What to produce – Look below for the line containing "蓝色霓虹灯照亮的阶梯舞台"; from there, print each line exactly up to and including the line containing "Чехия. Первая Лига", and stop.

Listed records –
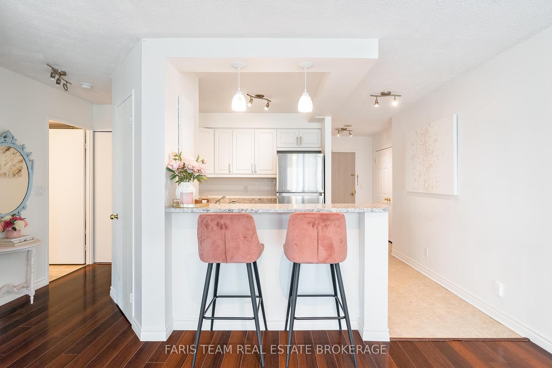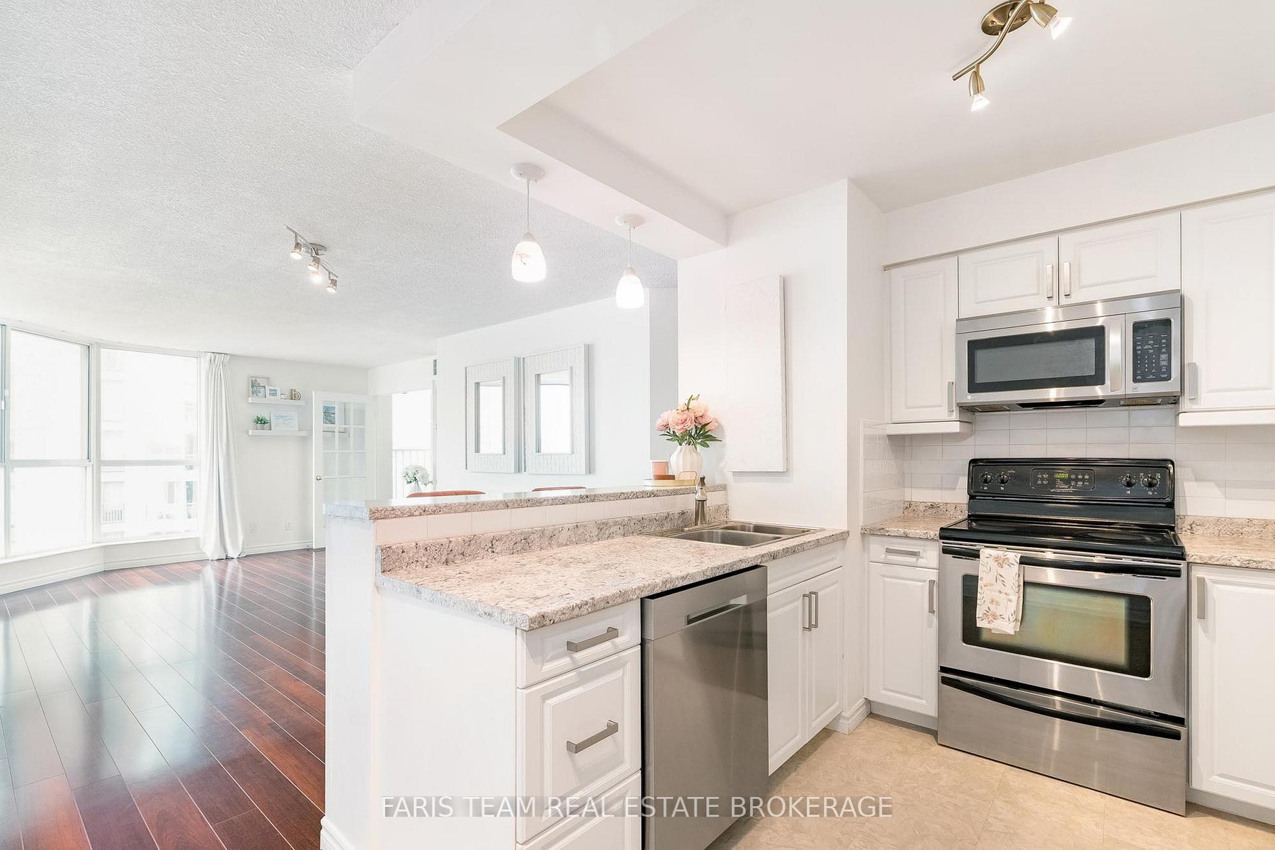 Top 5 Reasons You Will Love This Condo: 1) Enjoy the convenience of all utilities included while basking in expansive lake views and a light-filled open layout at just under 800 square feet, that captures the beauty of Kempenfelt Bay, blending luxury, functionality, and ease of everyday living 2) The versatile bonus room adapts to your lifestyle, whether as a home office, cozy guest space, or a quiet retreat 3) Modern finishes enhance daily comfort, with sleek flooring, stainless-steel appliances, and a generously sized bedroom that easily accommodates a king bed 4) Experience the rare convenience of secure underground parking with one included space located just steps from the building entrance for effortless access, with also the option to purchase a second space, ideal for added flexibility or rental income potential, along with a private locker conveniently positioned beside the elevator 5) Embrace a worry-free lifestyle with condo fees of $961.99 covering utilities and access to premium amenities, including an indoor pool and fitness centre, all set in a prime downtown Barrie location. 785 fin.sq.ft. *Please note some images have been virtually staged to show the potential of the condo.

...

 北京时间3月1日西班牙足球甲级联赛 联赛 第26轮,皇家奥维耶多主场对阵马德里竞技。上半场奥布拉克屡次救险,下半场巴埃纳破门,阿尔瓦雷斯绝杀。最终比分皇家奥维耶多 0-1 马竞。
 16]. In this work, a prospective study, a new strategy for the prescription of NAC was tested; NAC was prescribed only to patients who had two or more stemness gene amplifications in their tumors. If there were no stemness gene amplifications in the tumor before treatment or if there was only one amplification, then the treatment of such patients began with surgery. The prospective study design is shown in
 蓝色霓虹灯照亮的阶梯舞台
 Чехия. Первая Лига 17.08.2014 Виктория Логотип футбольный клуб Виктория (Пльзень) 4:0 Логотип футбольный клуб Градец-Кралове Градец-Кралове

Result for this exercise –
 蓝色霓虹灯照亮的阶梯舞台
 Чехия. Первая Лига 17.08.2014 Виктория Логотип футбольный клуб Виктория (Пльзень) 4:0 Логотип футбольный клуб Градец-Кралове Градец-Кралове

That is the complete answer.